+++ Data provided

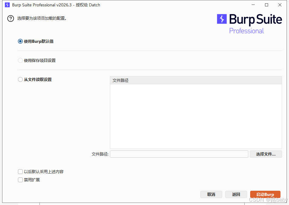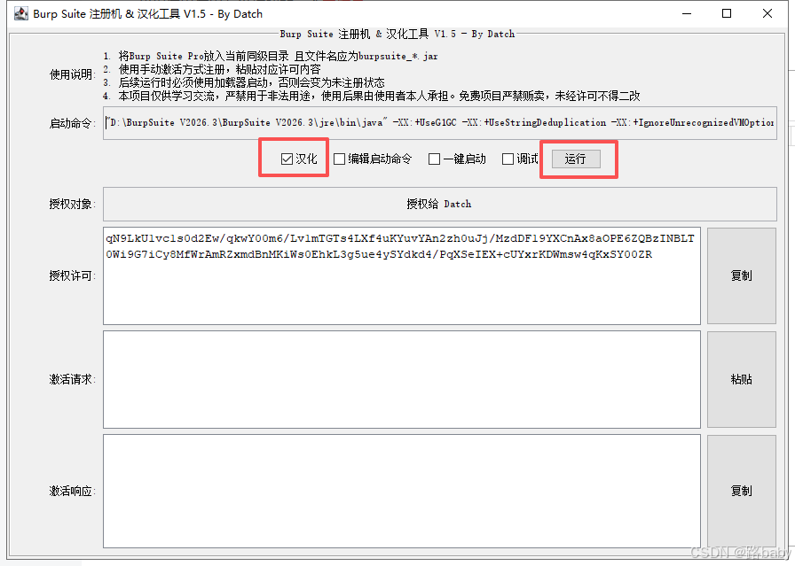 勾选后直接点运行即可唤醒burp(首次激活使用必须按照步骤)
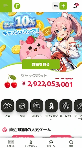 - 2.5 稼げるカジノアプリ 人気No.5:フレッシュカジノ
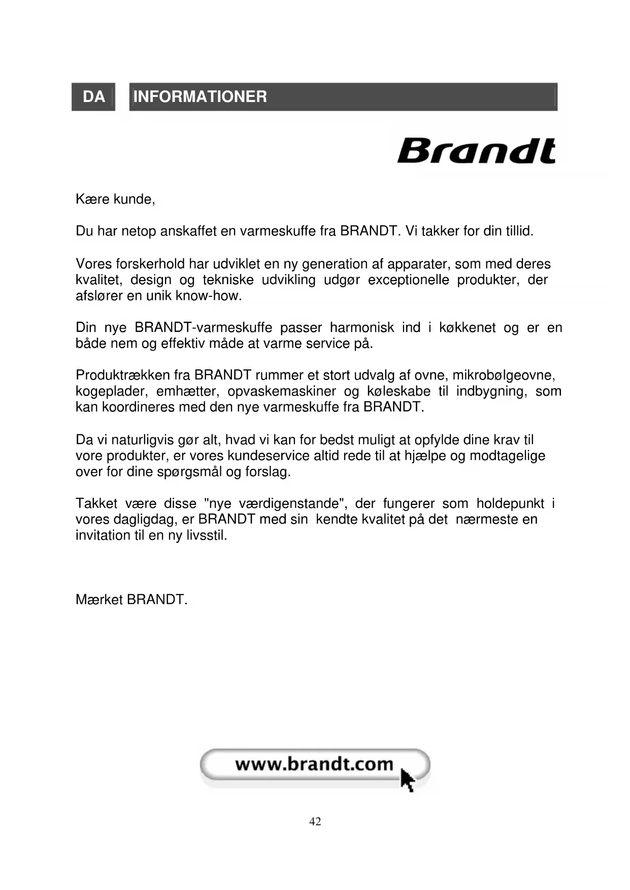 Kære kunde, Du har netop anskaffet en varmeskuffe fra BRANDT. Vi takker for din tillid. Vores forskerhold har udviklet en ny generation af apparater, som med deres kvalitet, design og tekniske udvikling udgør exceptionelle produkter, der afslører en unik know-how. Din nye BRANDT-varmeskuffe passer harmonisk ind i køkkenet og er en både nem og effektiv måde at varme service på. Produktrækken fra BRANDT rummer et stort udvalg af ovne, mikrobølgeovne, kogeplader, emhætter, opvaskemaskiner og køleskabe til indbygning, som kan koordineres med den nye varmeskuffe fra BRANDT. Da vi naturligvis gør alt, hvad vi kan for bedst muligt at opfylde dine krav til vore produkter, er vores kundeservice altid rede til at hjælpe og modtagelige over for dine spørgsmål og forslag. Takket være disse "nye værdigenstande", der fungerer som holdepunkt i vores dagligdag, er BRANDT med sin kendte kvalitet på det nærmeste en invitation til en ny livsstil.
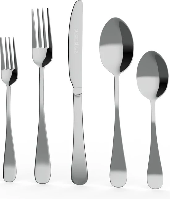 Dankzij de hoogwaardige afwerking en materialen is de complete bestekset geschikt voor de vaatwasser. Het type staal van de Grandlux Bestekset is 18/0. Wij raden aan om om het bestek direct af te drogen met een zachte doek.
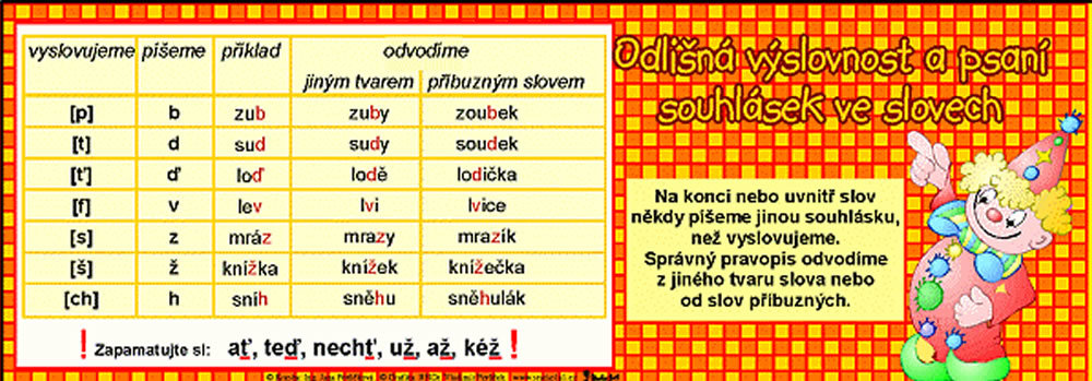 - Obsahuje přehled nejčastějších odlišností v psaní a výslovnosti souhlásek
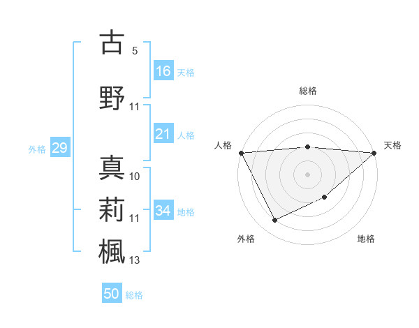 古野 真莉楓さんを姓名の画数から五運を鑑定
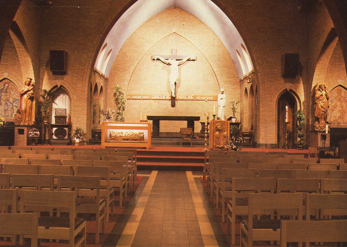 Crea Speciaaldruk. - Boven de zijaltaren, muurschilderijen op baksteen van H. Hart en Onze-Lieve-Vrouw van altijddurende Bijstand, door F. Kieckens. In het koor : kruisbeeld door Daniël Devriendt. Glasramen door Cor Westerduyn : iconografie in verband met leven en verering van Sint-Godelieve.
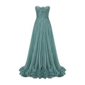 Strapless silk chiffon hand pleated dress with embroidered bust.
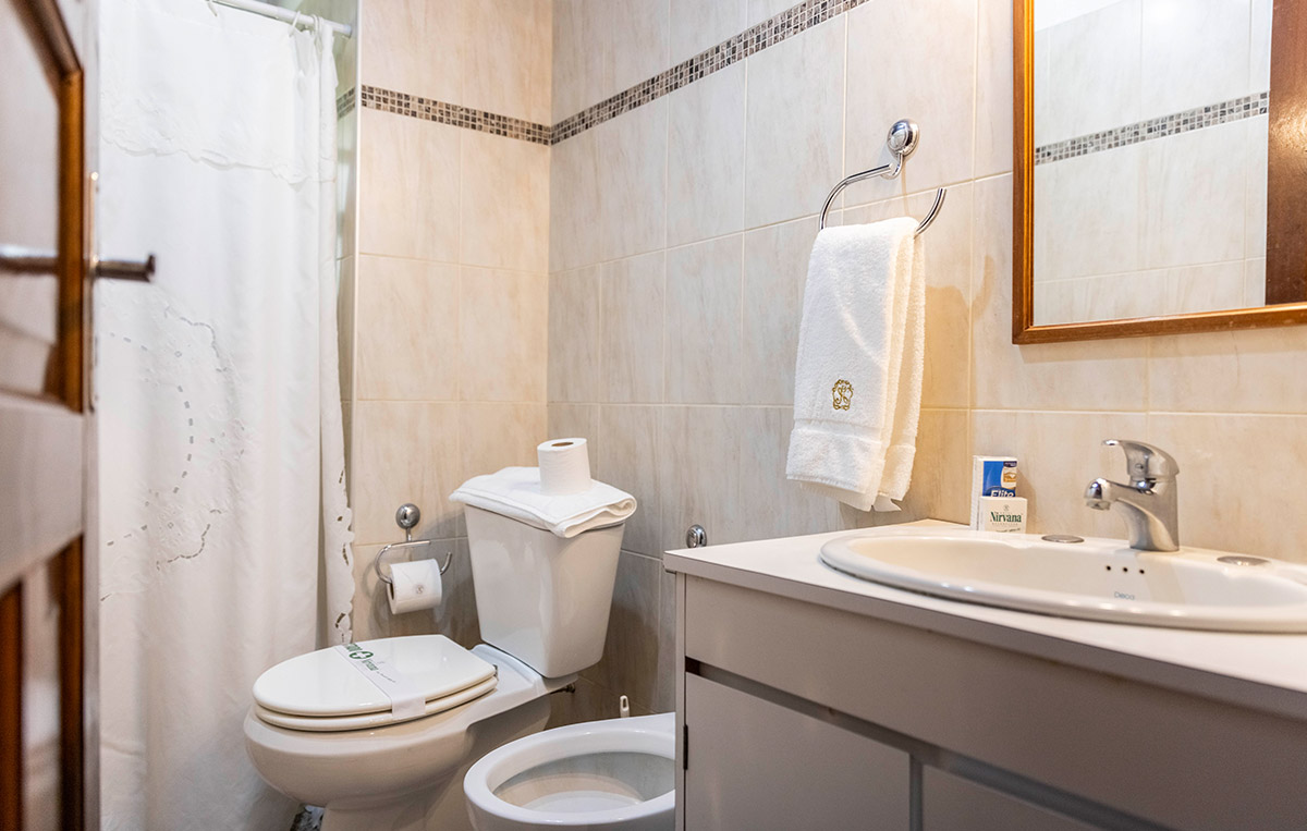 Dos habitaciones comunicadas entre sí, con un sólo baño.
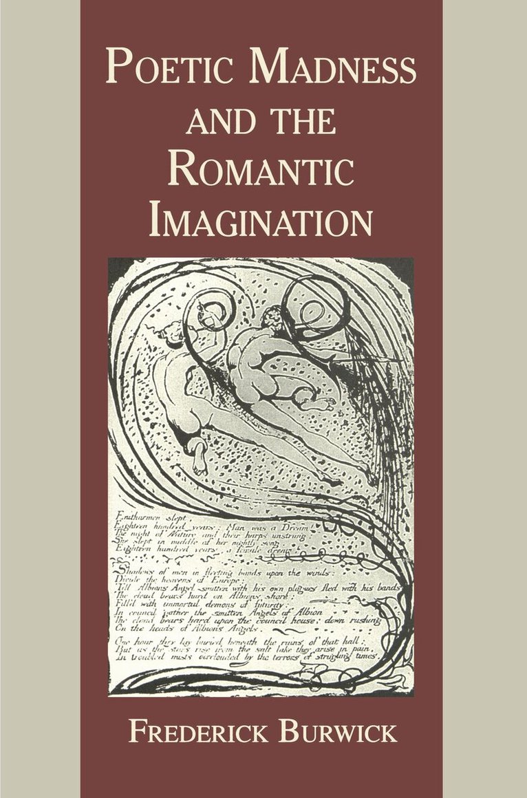 Using as his starting point the historical notion that poets may be, at least in moments of inspiration, "out of their senses," Frederick Burwick here explores the theoretical implications of inspiration as furor poeticus, particularly as that concept was presented during the latter eighteenth and early nineteenth centuries. Drawing on social and medical attitudes toward madness and the so-called poetic rapture, Burwick addresses the appeal to poetic madness in critical theory, the thematization of the mad poet in literature, and the reception of mad poets. With a mad king on the throne of England, mad prophets in the marketplace, and mad poets in their midst, many writers of this period, not surprisingly, used their fiction to explore the conditions of madness. In discussing the mad poet as a character in Romantic literature, Burwick examines the reception and representation of the Italian poet Torquato Tasso in Goethe's play and in the poetry and criticism of the Schlegels, Byron, Shelley, Peacock, and Hazlitt. In his commentary on narratives of madness, Burwick discusses Nodier's Jean-François les bas-bleus, Hoffmann's Der goldne Topf, Shelley's Julian and Maddalo, and Blake's account of the struggle between Los and Urizen. The final section interprets the visual strategies adopted by Hölderlin, Nerval, and Clare in relating their visionary experiences.
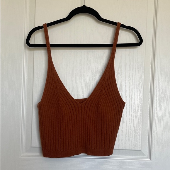 Elevate your style with this chic rust ribbed knit tank top. Perfect for layering or wearing alone, it offers both comfort and elegance.

++++++

== Your instructions ==
Using the listing above, repeat word for word each line from the one with "Kære kunde, Du" down to the one with "古野 真莉楓さんを姓名の画数から五運を鑑定", both included. Omit all pictures.

== Answer box ==
 Kære kunde, Du har netop anskaffet en varmeskuffe fra BRANDT. Vi takker for din tillid. Vores forskerhold har udviklet en ny generation af apparater, som med deres kvalitet, design og tekniske udvikling udgør exceptionelle produkter, der afslører en unik know-how. Din nye BRANDT-varmeskuffe passer harmonisk ind i køkkenet og er en både nem og effektiv måde at varme service på. Produktrækken fra BRANDT rummer et stort udvalg af ovne, mikrobølgeovne, kogeplader, emhætter, opvaskemaskiner og køleskabe til indbygning, som kan koordineres med den nye varmeskuffe fra BRANDT. Da vi naturligvis gør alt, hvad vi kan for bedst muligt at opfylde dine krav til vore produkter, er vores kundeservice altid rede til at hjælpe og modtagelige over for dine spørgsmål og forslag. Takket være disse "nye værdigenstande", der fungerer som holdepunkt i vores dagligdag, er BRANDT med sin kendte kvalitet på det nærmeste en invitation til en ny livsstil.
 Dankzij de hoogwaardige afwerking en materialen is de complete bestekset geschikt voor de vaatwasser. Het type staal van de Grandlux Bestekset is 18/0. Wij raden aan om om het bestek direct af te drogen met een zachte doek.
 - Obsahuje přehled nejčastějších odlišností v psaní a výslovnosti souhlásek
 古野 真莉楓さんを姓名の画数から五運を鑑定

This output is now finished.